Using → GPU Metrics

Open XDMoD includes support for GPU metrics in the jobs realm starting with version 9.0.0. Specifically, the number of GPUs allocated to each job is tracked and used to calculate the number of GPU hours and to allow grouping by the number of GPUs allocated.

Only Slurm and PBS are supported at this time.

Please note that if your resource manager is not supported or GPU data is not available/parsable, that Open XDMoD will report zero GPU hours and a GPU count of zero.

Slurm

The GPU count source for Slurm data is the AllocTRES accounting field taken from sacct output. This field contains the Trackable Resources allocated to the job. The specific resource that is used to determine the GPU count is the Generic Resource identified by gres/gpu.

For example:

billing=10,cpu=10,gres/gpu=4,mem=374000M,node=2

This AllocTRES value would indicate that the job was allocated 4 GPUs.

PBS

The GPU source count for PBS data is the Resource_List.nodes field in the accounting log files.
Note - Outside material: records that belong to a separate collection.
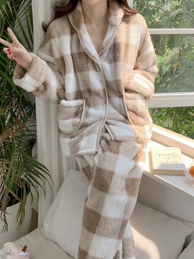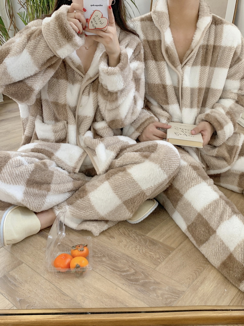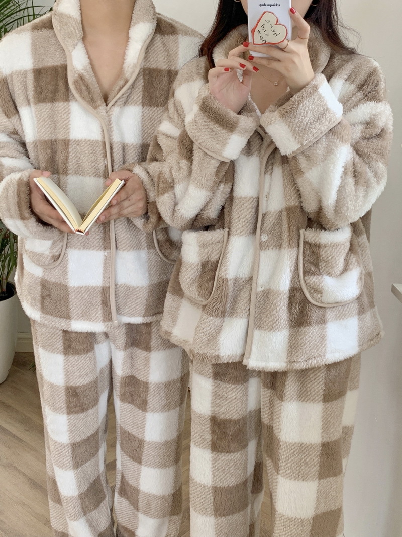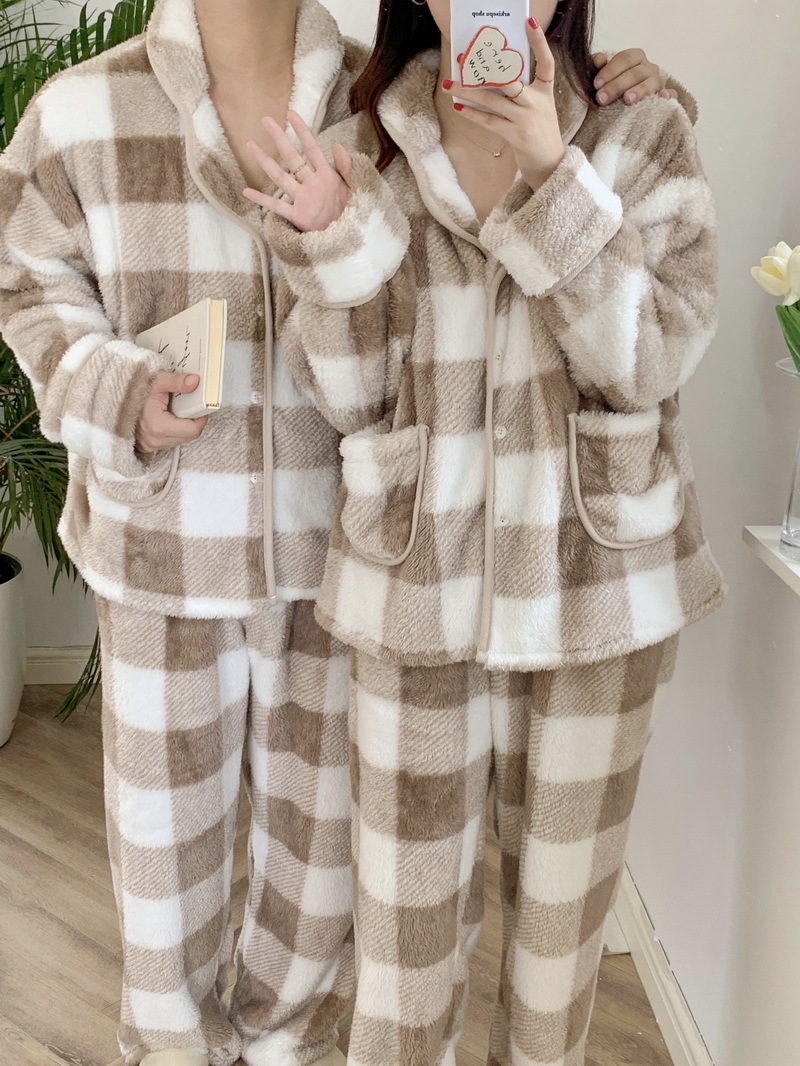 珊瑚绒情侣装大格子睡衣套装冬季长袖长裤两件套家居服韩国可外穿
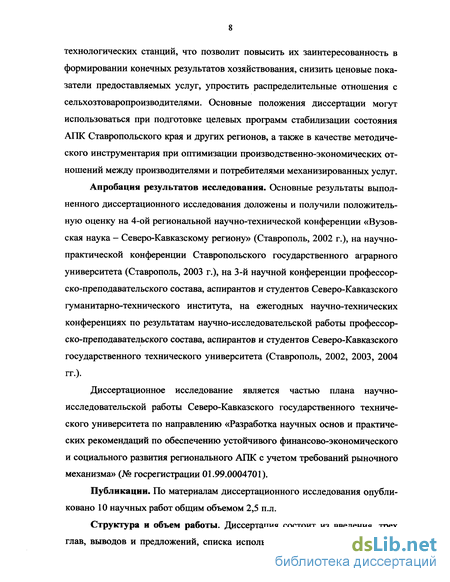 технологических станций, что позволит повысить их заинтересованность в формировании конечных результатов хозяйствования, снизить ценовые показатели предоставляемых услуг, упростить распределительные отношения с сельхозтоваропроизводителями. Основные положения диссертации могут использоваться при подготовке целевых программ стабилизации состояния АПК Ставропольского края и других регионов, а также в качестве методического инструментария при оптимизации производственно-экономических отношений между производителями и потребителями механизированных услуг.
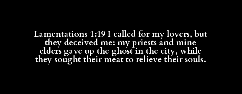 Lamentations 1:19 I called for my lovers, but they deceived me: my priests and mine elders gave up the ghost in the city, while they sought their meat to relieve their souls.
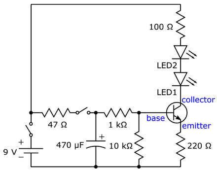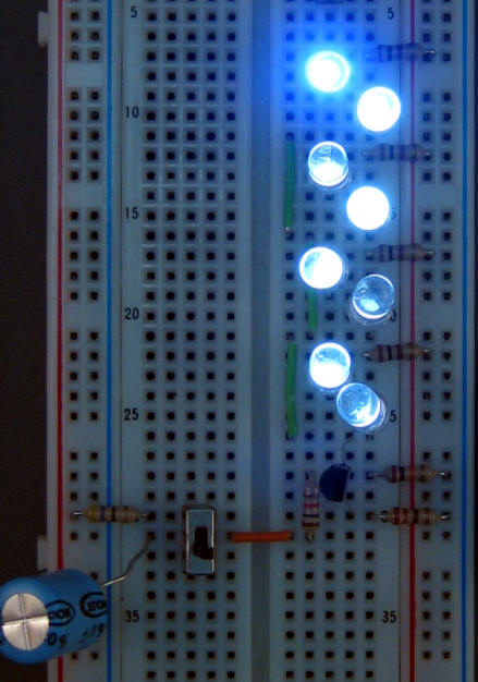 Il a deux transistors, deux condensateurs et quatre résistances pour accomplir un marche-arrêt à vitesse variable des LEDs.
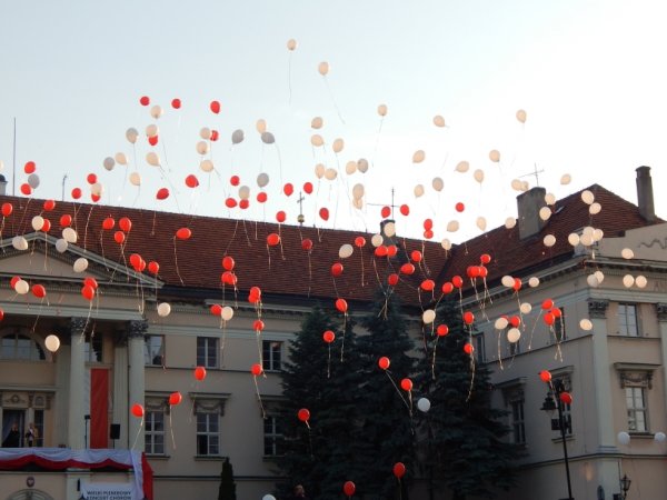 spotkania przed budynkiem dawnego Pałacu Gubernatora podkreślały także biało - czerwone
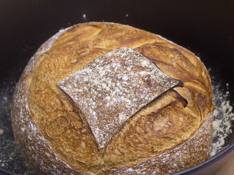 Mettre la cocote au four avec le couvercle et cuire pendant 10 minutes. Réduire la température à 400℉ (200℃) et poursuivre la cuisson pendant 10 minutes. Retirer le couvercle et cuire de 15 à 25 minutes ou jusqu'à ce que la température au centre indique 212℉ (100℃). La croûte devrait être dorée foncée et émettre un son creux lorsque tapée. Le pain devrait être léger pour sa taille.
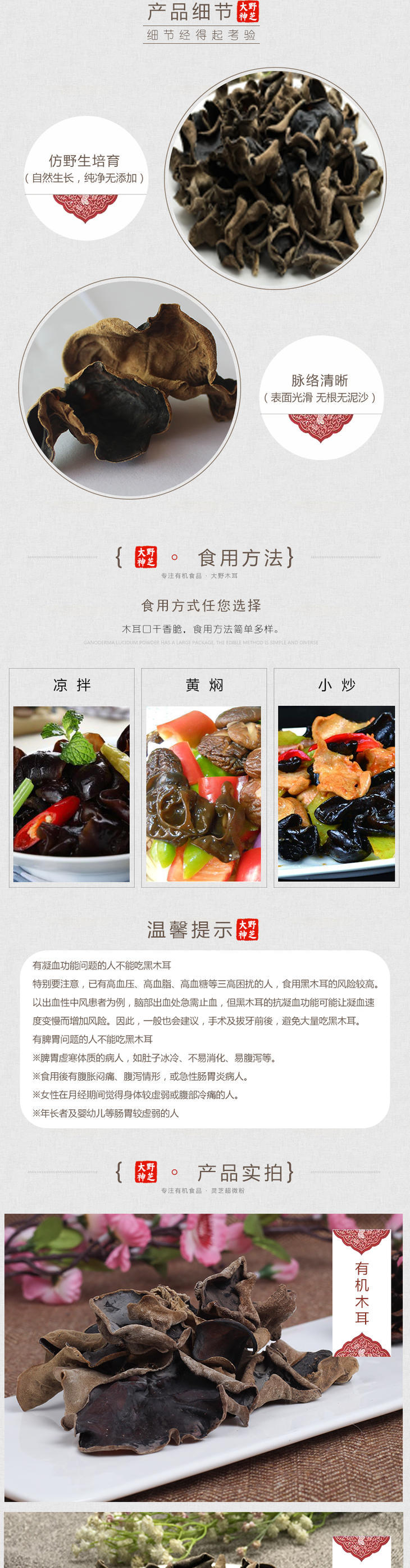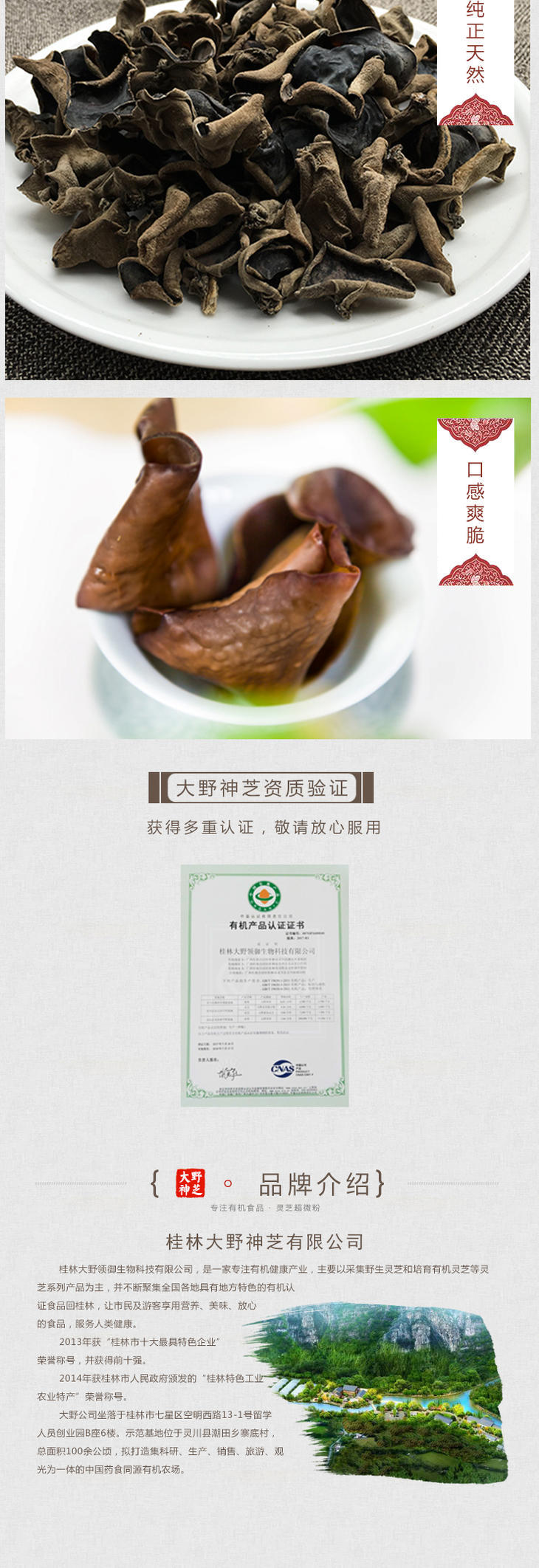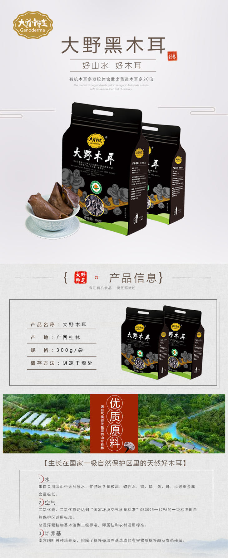 丨有机丨黑木耳 广西长寿瑶乡特产 干货300克 大野神芝
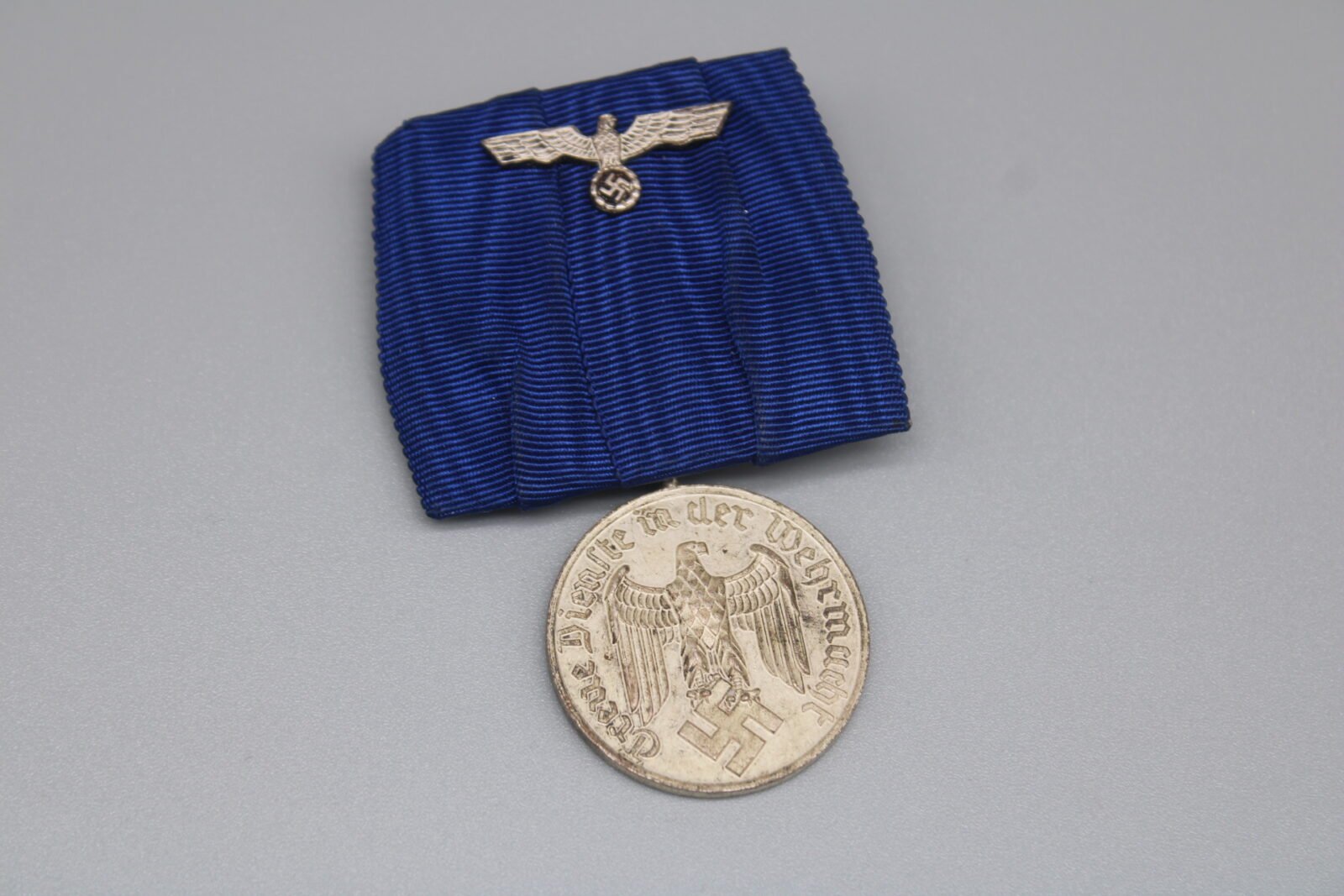 Original Wehrmacht Dienstauszeichnung für 4 Jahre (4 Years of Service Award) mounted on a ‘Einzelspange‘. Good condition.
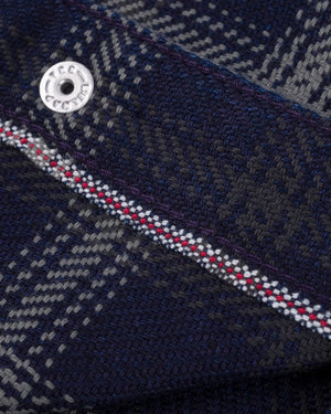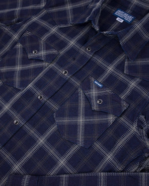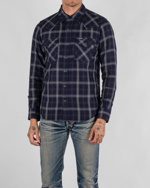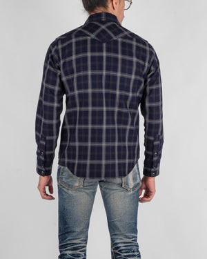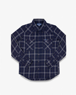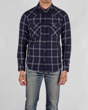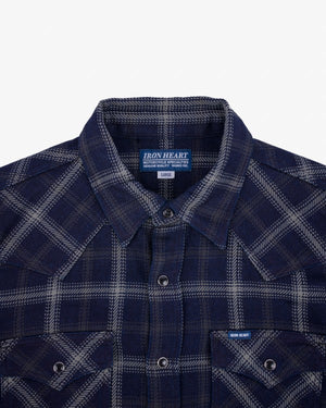 Offering a lighter weight alternative to our signature Ultra Heavy Flannel (UHF) shirts, our 9oz selvedge unbrushed flannels provide classic Iron Heart styling in a cooler, more breathable option for the warmer months. This season’s shirts feature a timeless check pattern, seen here in our western cut with a black/indigo colourway. Slowly woven to increase heft and texture, the darkest yarns in the pattern are indigo dyed while the lighter shades are sulphur cheese-dyed to allow for natural fading over time. With only four shuttle looms in Japan capable of producing this intricate pattern (which requires switching the weft yarn mid-weave), our SS25 shirts are some of the most unique Japanese-made flannels available this season.
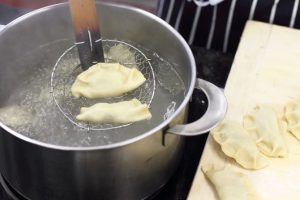 تحتاج إلى طهيها لمدة 3-5 دقائق ، حتى يتم ذلك سوف يطفو على السطح إلى الأعلى. بعد ذلك ، يوصى بقلى الزلابية في مقلاة ، ثم يتحول العجين مقرمش. عندما تخدم من فوق ضعي شريحة من الزبدة.
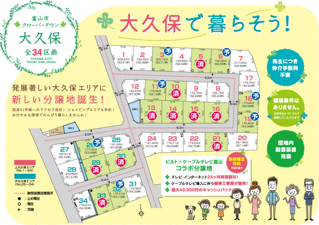 ●物件所在地/富山市上大久保字牛ケ花割1713番他4筆・富山市中大久保字東入割54番他3筆及び市有地●販売総面積/9,127.50㎡(2,761.06坪)●総区画数/34区画●今回販売区画/34区画●地目/宅地●都市計画・用途地域/市街化・第一種住居区域●建ぺい率・容積率/60%・200%●道路/団地内道路市道6.0~6.7m全面アスファルト舗装●開発許可番号/富山市指令建建指第789号(令和5年11月21日)●上・下水道/富山市営●ガス/個別プロパン●電気/北陸電力等、その他小売電気事業者●CATV/全区画引込●取引態様/●売主/富山県知事(7)第2271号●消雪装置/団地内設置●ゴミステーション/団地内に1カ所●調整池/団地内に2カ所●井戸/団地内に1カ所●情報登録日/令和6年2月20日●広告有効期限/令和7年12月末日
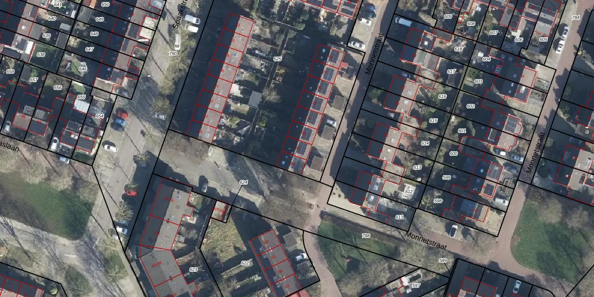 Monnetstraat 67 is gelegen op kadastraal perceel ZVN02G625. Deze kadastrale aanduiding is uniek en wordt gebruikt door het Kadaster om eigendomsrechten en andere zakelijke rechten vast te leggen. Het perceel maakt onderdeel uit van de kadastrale gemeente Oud-Zevenaar.
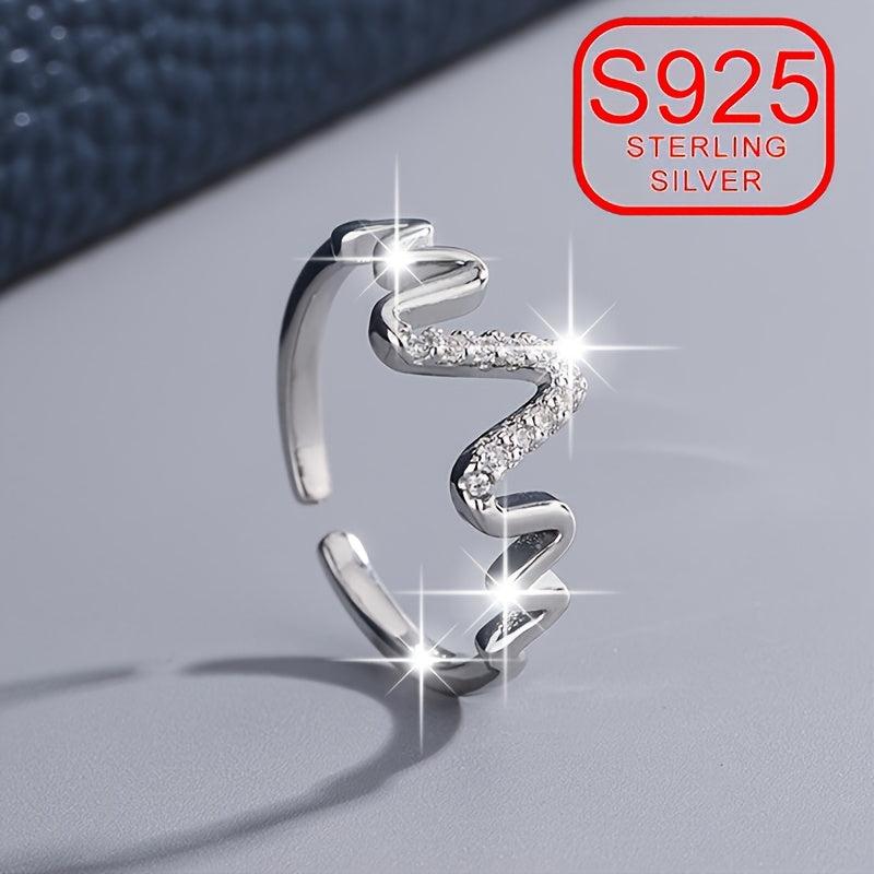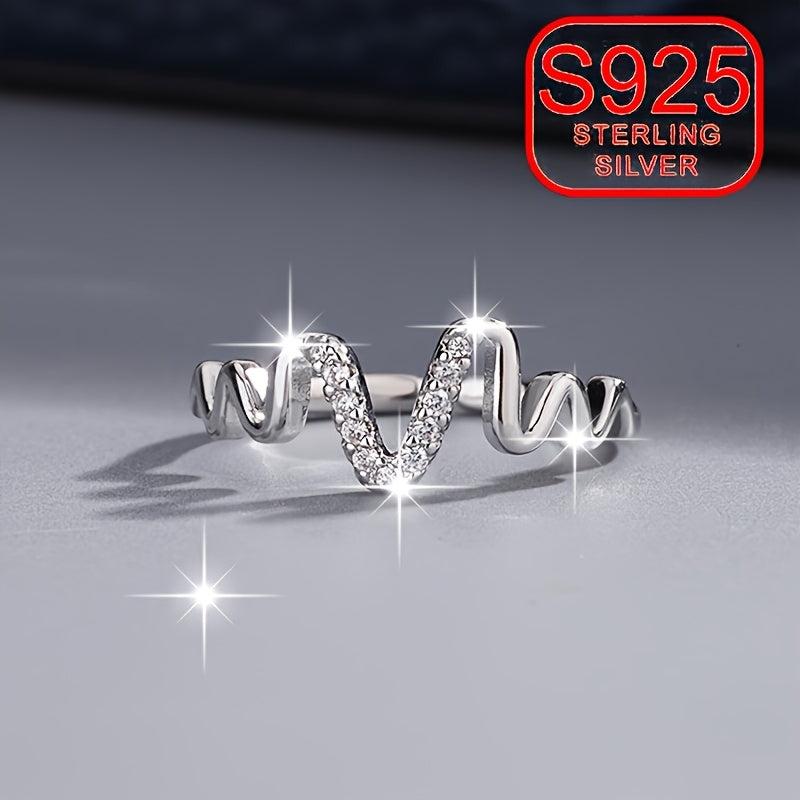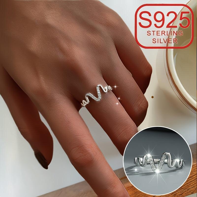 This sterling silver open ring features a wave irregular curve design, perfect for daily wear, weddings, or beach outings. Hypoallergenic and minimalist, it adds a touch of elegance to any outfit.

If a value is specified for gpus then that is used as the number of GPUs per node.

For example:

Resource_List.nodes=2:ppn=32:gpus=2

This would indicate that the job used 4 GPUs (2 GPUs per node * 2 nodes).

Non-Standard PBS GPU data

In addition to the standard way of logging GPUs, two non-standard ways of logging this data are also supported. If the GPU count cannot be determined from Resource_List.nodes then these will be used when present.

If the Resource_List.nodect field specifies a value for gpus then that will be used.

For example:

Resource_List.nodect=2:ppn=32:gpu=2

This would indicate that the job used 4 GPUs (2 GPUs per node * 2 nodes).

If neither of those methods produce a value, then Resource_List.gpu may be used to determine the number of GPUs.

For example:

Resource_List.gpu=2

This would indicate that the job used 2 GPUs.